10. A multi-source information fusion intelligent identification system for sheep health monitoring, characterized in that, The multi-source information fusion intelligent identification method for sheep health monitoring, as described in any one of claims 1 to 9, includes: The acquisition module is configured to deploy a visible light acquisition unit and an infrared acquisition unit for acquiring visual data of sheep in the target sheep breeding area. The visible light acquisition unit and the infrared acquisition unit are synchronized. Based on the verification result, it is determined whether to perform unit synchronization calibration. The visible light image and the infrared image that pass the verification are paired to form a visual data pair.
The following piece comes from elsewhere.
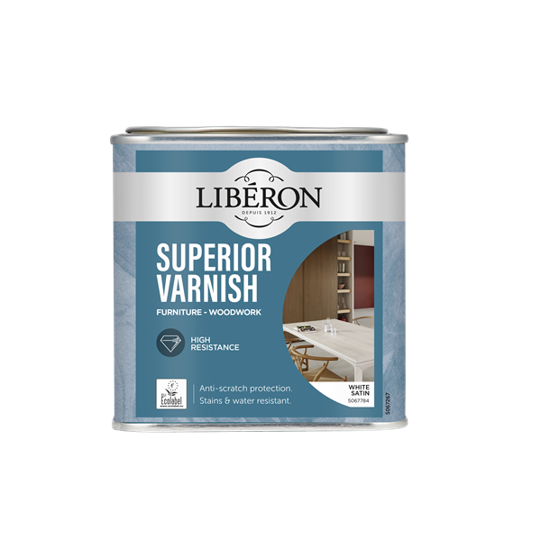 Liberon Superior Varnish er en vannbasert lakk spesielt utviklet for møbler, gulv, trapper, vegger, kjøkken og bad. Superior Varnish innholder keramiske partikler som gir god beskyttelse mot riper, hakk, flekker og vann. Denne lakken bevarer treverkets naturlige struktur og gir en vakker, slitesterk overflate.

The verification module is configured to preprocess the visual data pairs, preset a visible light image sharpness threshold and an infrared image temperature validity threshold, perform quality verification on the preprocessed visual data pairs according to the preset thresholds, and determine whether to re-acquire data based on the verification results. The filtering module is configured to extract visible light feature sets and infrared feature sets based on the preprocessed visual data pairs, determine whether the feature pairs are redundant by calculating the correlation degree of each feature dimension in the two feature sets, calculate the discrimination degree of redundant feature pairs and filter them, calculate the discrimination degree of each feature after filtering, and remove weakly discriminative features according to a preset weak discrimination threshold to obtain a multimodal effective feature set. The early warning module is configured to normalize the effective features of visible light and infrared light and set initial fusion weights to obtain initial fusion features. It judges the consistency of the prediction results of the two feature modes by the feature consistency coefficient, dynamically adjusts the fusion weights and updates the fusion features according to the range of the feature consistency coefficient, and obtains the final prediction result by combining hierarchical decision fusion. Then, it determines the health and emotional state of the sheep according to the preset confidence threshold, divides the early warning level according to the state duration and outputs the corresponding early warning information.